Ten years have passed since the massacre of 34 Kurdish people, mostly children, in the village of Roboski, south-east Turkey, but memories of the massacre remain vivid in the minds of the victims’ families.
At 21.39 on December 28, 2011, disaster struck and in an instant the village lost its youth when they became victim to the Turkish government’s ‘war on terror’.
Thirty-four of a party of 38 – most of them children – were slaughtered in an aerial bombardment by a Turkish F-16 fighter jet. Those killed were engaging in traditional cross border trade, kolberi, as we call it in Iranian Kurdistan. Roboski is a poor village where there is little or no work. Cross border trade provides a small and welcome income for the older men and pocket money for the purchase of notebooks, stationary and pens for the teenagers.
The 19 children who were killed had attended school during the week and only occasionally and at weekends did they accompany their brothers, uncles or friends on the journey across the border to buy cheap petrol and cigarettes. The round trip takes only three hours, a little longer in the snow, and the border is historically porous. Villagers in Roboski have family on both sides of the border and this kind of trade has a long history.

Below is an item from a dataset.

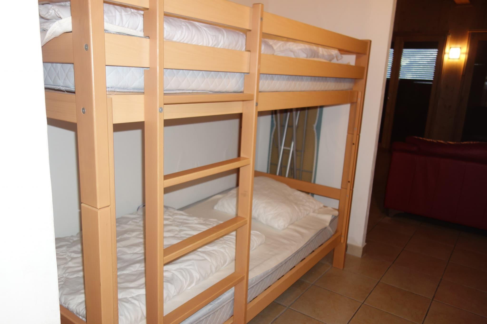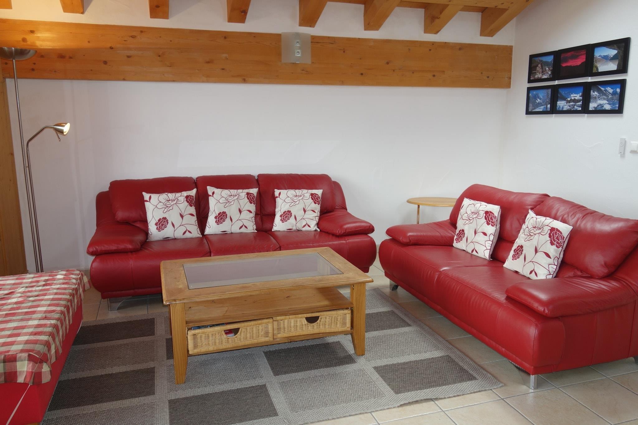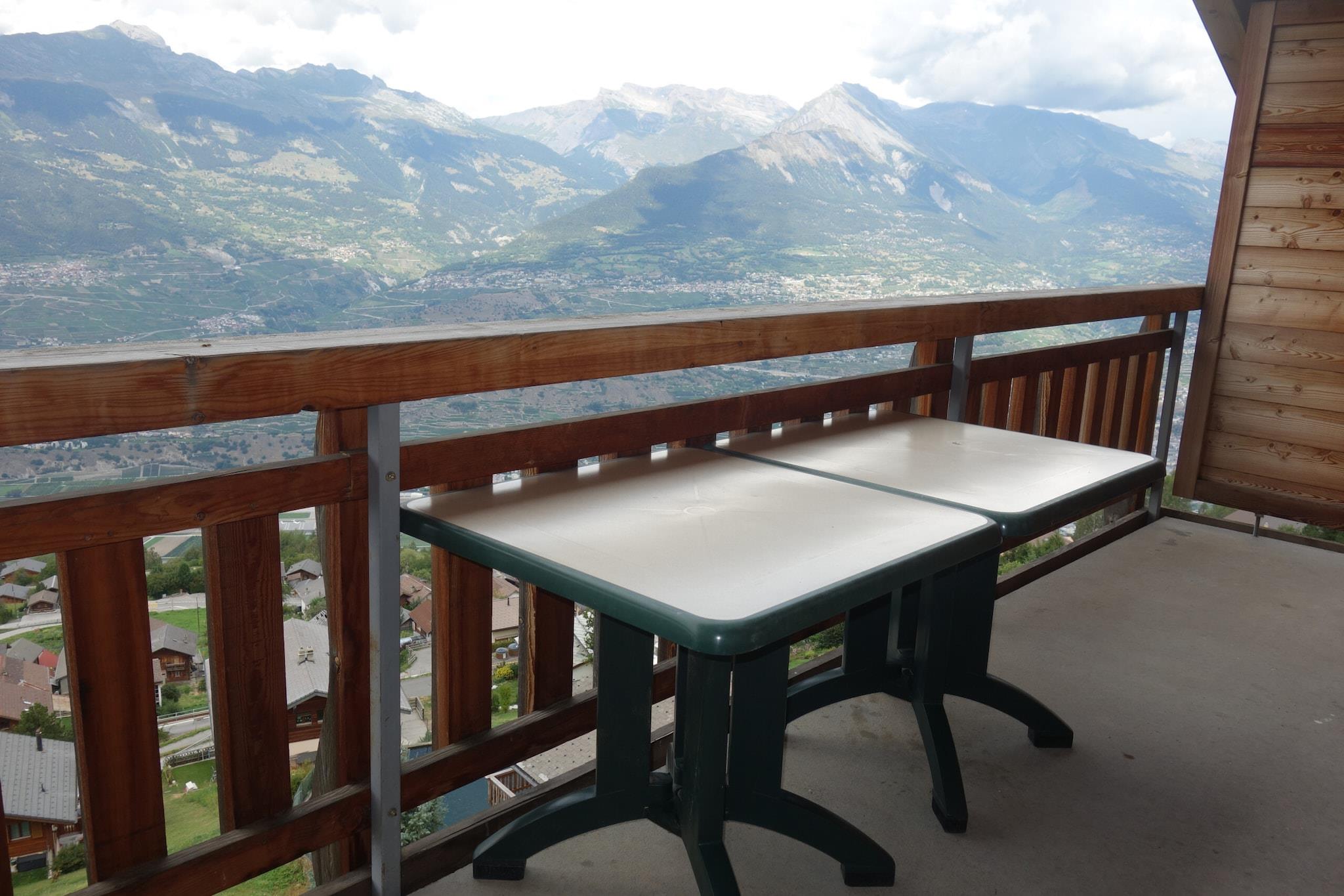 Velkommen til en hyggelig bjerglejlighed beliggende i hjertet af Veysonnaz, Schweiz, med plads til op til 6 gæster. Nyd en betagende udsigt over dalen og bjergene i denne charmerende lejlighed, perfekt til familier eller grupper. Denne 3-værelses, 3-stjernede plus lejlighed har en lys stue med en indbydende pejs, komfortabel sofa, tv og dvd-afspiller. Det åbne køkken er fuldt udstyret med en keramisk kogeplade, ovn, mikroovn, brødrister, filterkaffemaskine, elkedel og opvaskemaskine, hvilket gør madlavning til en fornøjelse. Sovearrangementer omfatter en køjeseng (90x200) i korridoren, to enkeltsenge (90x200) i soveværelse 1 og yderligere to enkeltsenge (90x200) i soveværelse 2. Lejligheden har to badeværelser: det ene støder op til bad og toilet, og en anden med bad og toilet. Træd udenfor til balkonen, møbleret med et udendørs bord og stole, og nyd panoramaudsigten over Rhône-dalen. Yderligere faciliteter inkluderer et vaskerum (digital betaling), et skirum og en indendørs parkeringsplads inkluderet i din leje. Kæledyr er ikke tilladt, og adgang er via elevator eller trapper. Beliggende kun 270 meter fra svævebanen, butikker og fritidsaktiviteter, er denne bolig ideelt beliggende til at udforske resortet. Ekstra omkostninger inkluderer en turistskat, depositum og valgfri tjenester såsom sengelinned, håndklæder, slutrengøring og komfortpakker for et glat ophold. Nyd gratis adgang til den offentlige swimmingpool, Sun&Fun-aktivitetsprogrammet om sommeren og rabat på leje af udstyr. Velkommen til dit alpine tilbagetog!

As soon as villagers heard of the bombing they made the desperate journey to the border – bodies and body parts lay beside dead donkeys, strewn in the white snow. Blue plastic jerry cans and the food the travellers carried with them littered the site. Photographs taken at the time capture a scene of devastation.
Medical assistance and ambulances were prevented for some hours from attending the site of the massacre and that the military refused to organize an immediate rescue because they feared retaliation from the villagers.
State crime
News of the massacre reached the Mardin branch of the Turkish Human Rights Association (IHD) within hours and human rights activists travelled to the site in the early hours of the following morning to gather evidence before the state had time to remove it. Their role has been essential in recording testimony, supporting villagers and campaigning for justice.
What happened on the night of December 28 is now known. A US Predator and then Israeli built Turkish Heron drones falsely identified the group as comprising PKK operatives. Turkish fighter jets were then instructed to fly in and bomb the group, which they did repeatedly. The results were catastrophic.
No villager is untouched by this crime. Twenty-eight of the dead from this small mountain community were part of the same extended family and shared the same surname, Encu. Grief here is in one sense overwhelming, woven into the fabric of everyday life. But there is also a powerful demand for justice – a determination on the part of villagers to force the Turkish government to apologise and to prosecute those responsible for the mass murder of their young.
Impunity
In a familiar process of denial by state criminals the Turkish military first denied the attack was against civilians, claiming there were PKK operatives in the party crossing the border. None of those killed had any connection with the PKK or any terrorist organisation. In fact families of 27 of those killed were village guards – militias set up in the 1990’s by the Turkish state to counter PKK insurgents.
The army reported it had carried out the strike after US and Turkish spy drones had identified a group moving towards its sensitive South-eastern border in an area known to be used by Kurdish militants:
“Members of the Turkish Armed Forces acted in accordance with the decisions adopted by the Council of Ministers and the law,” the army prosecutor’s office reported.
Justice has not been found for the victims of Roboski.
The killing of 34 young Turkish people by their own government is a crime of great magnitude that should be widely known, exposed, challenged and accounted for.